I think you're having a case of it's always greener on the other side. You're only seeing the surface of the life your instagram-wife friends have. They endure hardships too, just of a different kind. Maybe they are currently on wifeoasis.com complaining that they should have gotten a high-paying job. Who knows. My point is, you will have regrets no matter what path you choose for your life. Accept that and make the best of it. Besides, complaining about your life will not get you a quality husband.

On another note, if it were so easy to get a rich husband by just working out like an instagram model and having a lower salary than your potential husband, why doesn't everyone do it? I'm not buying that. There were only 19.6mn or 42.2mn millionaires in the world in 2018, depending on the definition.

Array
 

guys please chill... if you refer to my original post this was the last point of many. This got taken off tangent and turned into a whole dating discussion, and I did indulge in it by airing my opinion as well, but it seems like this has just come off as me being 100% obsessed that I'm not one of these women. Frankly:

  1. If my entire end-game was to be a pretty stay-at-home wife with a husband in Big Law / IB / medicine, I have had plenty of opportunities to do so in the past, and, from the recent sample size of men who have hit on me, still have. Take my word for it if you want, or not. No pics. Not to say I'm not considering it / it's not a tempting consideration.
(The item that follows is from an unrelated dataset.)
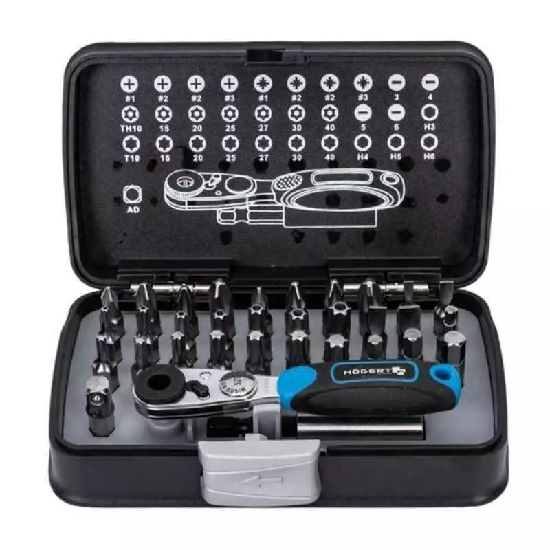 Набор бит с трещоткой Hogert HT1R460 на 33 предмета — это практичный и универсальный комплект для выполнения точных крепёжных работ. Подходит для использования в домашнем хозяйстве, мастерской, автосервисе или при сборке мебели. Наличие разнообразных наконечников PH, PZ, SL, HEX и Torx делает этот набор идеальным для работы с различными типами крепежа. Оснащён трещоткой с посадочным квадратом 1/4", благодаря чему обеспечивается удобное и быстрое завинчивание и отвинчивание элементов. Преимущества: В набор входит 33 элемента, включая самые востребованные виды бит Совместим с большинством ручных и механических инструментов Длина бит 75 мм позволяет работать в труднодоступных местах Качественная сталь S2 обеспечивает прочность и износостойкость Удобная трещотка ускоряет процесс работы Внутренний шестигранный привод обеспечивает надёжное соединение Компактная пластиковая упаковка удобна для хранения и транспортировки Набор не содержит ударных и магнитных бит, что снижает вероятность повреждения крепежа в деликатных задачах Вес комплекта всего 380 грамм, что удобно для переноски Технические характеристики: Тип — набор бит Тип бит — PH, PZ, SL, HEX, Torx Наконечники — PH1, PH2, PH3, PZ1, PZ2, PZ3, SL3.0, SL4.0, SL5.0, SL6.0, T10, T15, T20, T25, T27, T30, T40, H3, H4, H5, H6 Тип хвостовика — квадратный 1/4" Привод — внутренний шестигранник Длина бит — 75 мм Количество предметов — 33 Материал — сталь S2 Магнитный наконечник — нет Ударные биты — нет Цветная маркировка — нет Упаковка — пластик Вес — 380 г

  2. Wrt to the family heirs, I have had a few interactions with people in that stratosphere of society, and I know darned well that I do not have the social skills or the will to play there, and have avoided it / not sought to enter it at any rate.
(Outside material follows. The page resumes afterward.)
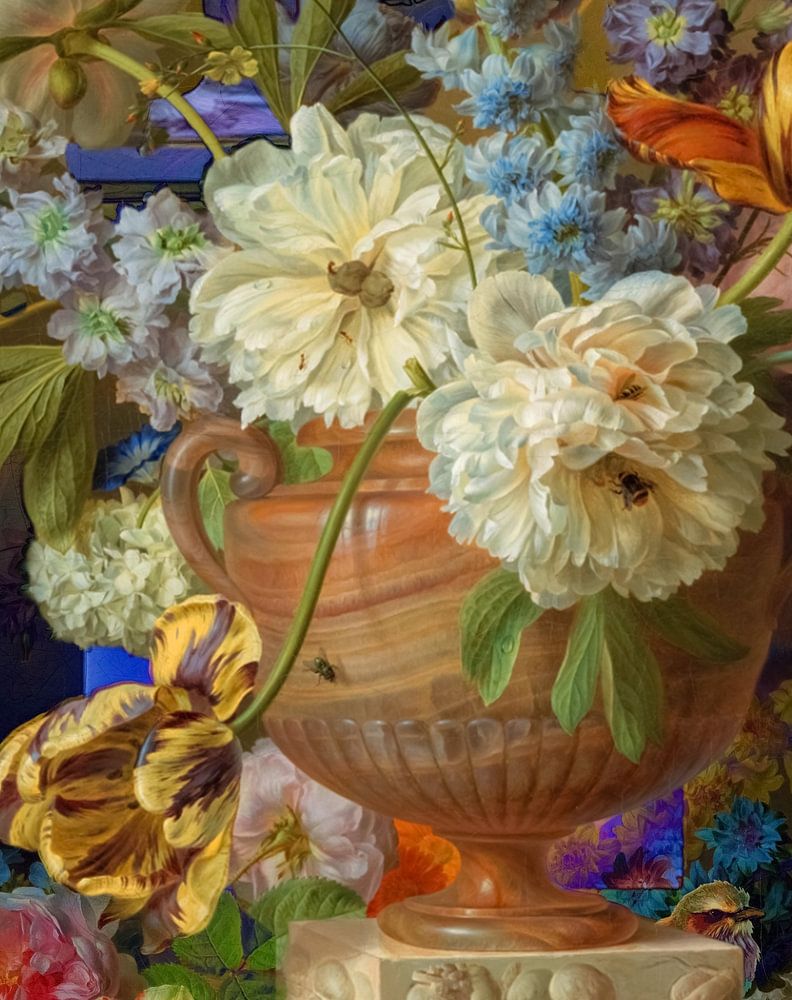 Stilleben Chic. featuring Stilleben von Cornelis van Spaendonck Blumenstilleben mit Alabastervase 1783 und dem berühmten Parfümflakon. Kunst mit Pfiff. Kundenfoto ist willkommen. erstellt von Gisela.

as for my comment on working out like an insta model, again, it is not wrt to a perceived improvement in my dating prospects but a reference to how much free time I think I would have in a 9 to 5 job. plus who doesn't like being fit?

I recognize that I have said some things that are riling up some people on this thread but that's just my personal opinions based on what I've observed. Whether you want to believe that I have an acquaintance who managed to gas light her family heir then-ex-bf (now husband) into marrying her by dating another family heir whom she then cheated on, or seen another acquaintance ingratiate herself into her big law bf's social circle and then dump him for our equivalent of a Supreme Court Judge's son, is your choice. It's just what I've seen.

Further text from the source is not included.